Is this page helpful?

Overview#

Apache Spark 3.3+ lets users provide a plugin that can replace the backend for SQL and DataFrame operations. This requires no API changes from the user. The plugin will replace SQL operations it supports with GPU accelerated versions. If an operation isn’t supported it will fall back to using the Spark CPU version. The plugin can’t accelerate operations that manipulate RDDs directly.

The accelerator library also provides an implementation of Spark’s shuffle that can leverage UCX to optimize GPU data transfers keeping as much data on the GPU as possible and bypassing the CPU to do GPU to GPU transfers.

The GPU accelerated processing plugin doesn’t require the accelerated shuffle implementation. However, if accelerated SQL processing isn’t enabled, the shuffle implementation falls back to the default SortShuffleManager.

To enable GPU processing acceleration you will need:

Apache Spark 3.3+
A Spark cluster configured with GPUs that comply with the requirements for RAPIDS.
- One GPU per executor.
The cuDF for Apache Spark plugin jar.
To set the config spark.plugins to com.nvidia.spark.SQLPlugin

cuDF for Apache Spark Compatibility Overview#

Kindly refer to the cuDF for Apache Spark download page for information on supported platforms, hardware/software prerequisites, and release notes.
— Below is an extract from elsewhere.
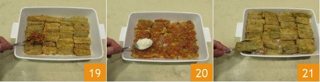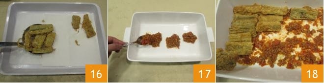 Au fur et à mesure que vous les cuisinez, placez-les sur du papier absorbant pour absorber l'excès d'huile 16. Couvrez le fond d'un plat à gratin 30x20 avec de la sauce 17, en la répartissant uniformément, puis disposez les cardons frits côte à côte 18.
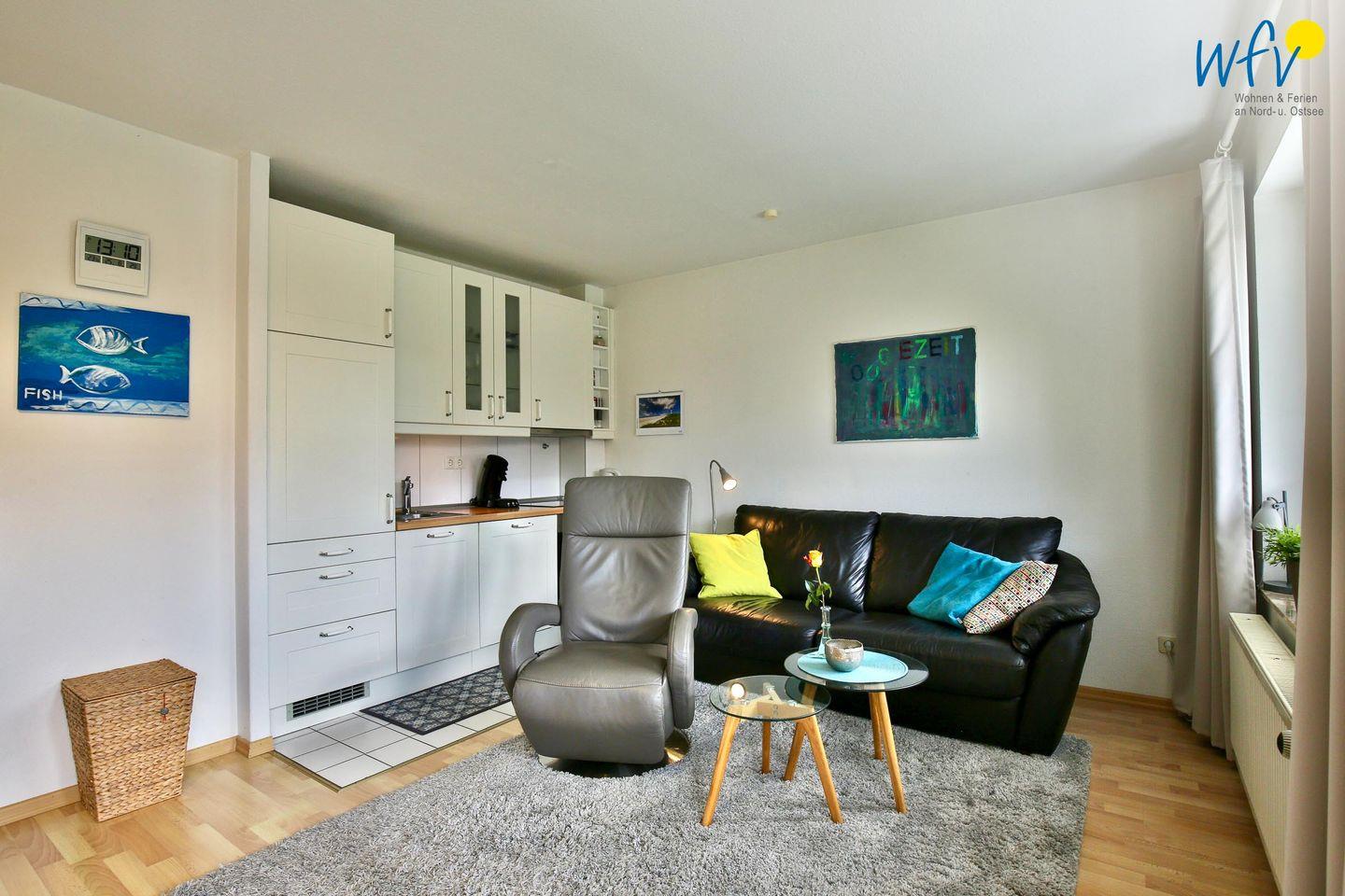 Zum Wohlfühlen lädt auch der gemütliche Wohnraum mit Couch und Relaxsessel sowie TV, DVD-Player und Radio ein. In der integrierten voll ausgestatteten Küchenzeile - u.a. mit Ceranherd, Backofen und Spülmaschine - lassen sich schnell und einfach leckere Mahlzeiten zubereiten. Diese können Sie in Ruhe im Essbereich mit ausziehbarem Esstisch einnehmen. Oder Sie dinieren bei wohltuender Nordseeluft: auf dem Balkon laden bequeme Gartenmöbel mit Auflage zum Verweilen ein.

The following compatibility summary mirrors the cuDF for Apache Spark 26.04 release metadata:

OS: cuDF for Apache Spark is compatible with any Linux distribution with glibc >= 2.28 (Please check ldd –version output). glibc 2.28 was released August 1, 2018.
NVIDIA Driver*: R525+
Runtime: Scala 2.12, 2.13
Scala 2.12: Spark 3.3.0 through 3.5.8
Scala 2.13: Spark 3.5.0 through 3.5.8, and Spark 4.0.0, 4.0.1, 4.0.2, and 4.1.1
Databricks 13.3 ML LTS (GPU, Scala 2.12, Spark 3.4.1)
Databricks 14.3 ML LTS (GPU, Scala 2.12, Spark 3.5.0)
Databricks 17.3 ML LTS (GPU, Scala 2.13, Spark 4.0.0)
GCP Dataproc 2.1
GCP Dataproc 2.2
GCP Dataproc 2.3
Spark runtime 1.1 LTS
Spark runtime 1.2
Spark runtime 2.0
Spark runtime 2.1
Spark runtime 2.2
The above packages are built against CUDA 12.9 or CUDA 13.1. They are tested on V100, T4, A10, A100, L4, H100 and GB100 GPUs.

Spark GPU Scheduling Overview#

Apache Spark 3.x now supports GPU scheduling as long as you are using a cluster manager that supports it. You can have Spark request GPUs and assign them to tasks. The exact configs you use will vary depending on your cluster manager. Here are some example configs:

Request your executor to have GPUs:
- --conf spark.executor.resource.gpu.amount=1
Specify the number of GPUs per task:
- --conf spark.task.resource.gpu.amount=0.125 will allow up to eight concurrent tasks per executor. It’s recommended to be 1/{executor core count} to get the best performance.
Specify a GPU discovery script (required on YARN and K8S):
- --conf spark.executor.resource.gpu.discoveryScript=./getGpusResources.sh
Explain why some operations of a query weren’t placed on a GPU or not:
- --conf spark.rapids.sql.explain=ALL will display whether each operation is placed on GPU.
- --conf spark.rapids.sql.explain=NOT_ON_GPU will display only parts that didn’t go on the GPU, and it’s the default setting.
- --conf spark.rapids.sql.explain=NONE will disable the log of rapids.sql.explain.

Refer to the deployment specific sections for more details and restrictions. spark.task.resource.gpu.amount can be a decimal amount, so if you want multiple tasks to be run on an executor at the same time and assigned to the same GPU you can set this to a decimal value less than 1. You would want this setting to correspond to the spark.executor.cores setting. For instance, if you have spark.executor.cores=2 which would allow 2 tasks to run on each executor and you want those 2 tasks to run on the same GPU then you would set spark.task.resource.gpu.amount=0.5. Refer to the Tuning Guide for more details on controlling the task concurrency for each executor.

You can also refer to the official Apache Spark documentation.

Spark workload qualification#

If you plan to convert existing Spark workload from CPU to GPU, refer to this Spark workload qualification to check if your Spark Applications are good fit for the cuDF for Apache Spark.

Spark benchmark#

Please visit spark-rapids-benchmarks repo for benchmark tests using the cuDF for Apache Spark, if you plan to compare the CPU and GPU Spark jobs’ performance.